▸ Problem requirements: Among the entries, find the lines with the string "software" and copy them.

[Task data — start]

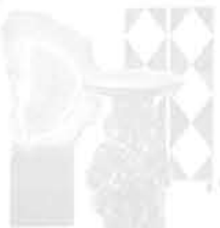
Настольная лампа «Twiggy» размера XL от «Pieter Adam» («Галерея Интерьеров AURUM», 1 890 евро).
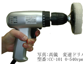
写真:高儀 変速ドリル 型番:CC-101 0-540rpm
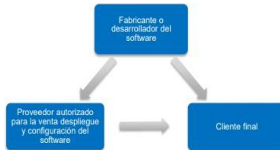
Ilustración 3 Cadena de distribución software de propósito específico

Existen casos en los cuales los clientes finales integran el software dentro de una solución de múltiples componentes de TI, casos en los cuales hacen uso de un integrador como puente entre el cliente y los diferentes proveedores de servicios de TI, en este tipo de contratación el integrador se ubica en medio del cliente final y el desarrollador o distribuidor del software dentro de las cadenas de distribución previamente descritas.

[Task data — finish]
[Task data — start]

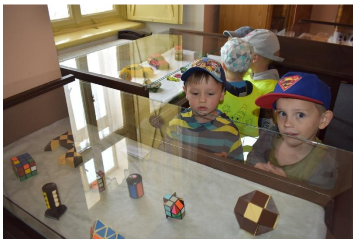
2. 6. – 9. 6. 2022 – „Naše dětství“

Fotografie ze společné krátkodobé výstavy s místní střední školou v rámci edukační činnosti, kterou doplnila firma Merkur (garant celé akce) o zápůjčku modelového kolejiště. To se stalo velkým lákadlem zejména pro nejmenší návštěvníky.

[Task data — finish]

▸ Response to this task:
Ilustración 3 Cadena de distribución software de propósito específico
Existen casos en los cuales los clientes finales integran el software dentro de una solución de múltiples componentes de TI, casos en los cuales hacen uso de un integrador como puente entre el cliente y los diferentes proveedores de servicios de TI, en este tipo de contratación el integrador se ubica en medio del cliente final y el desarrollador o distribuidor del software dentro de las cadenas de distribución previamente descritas.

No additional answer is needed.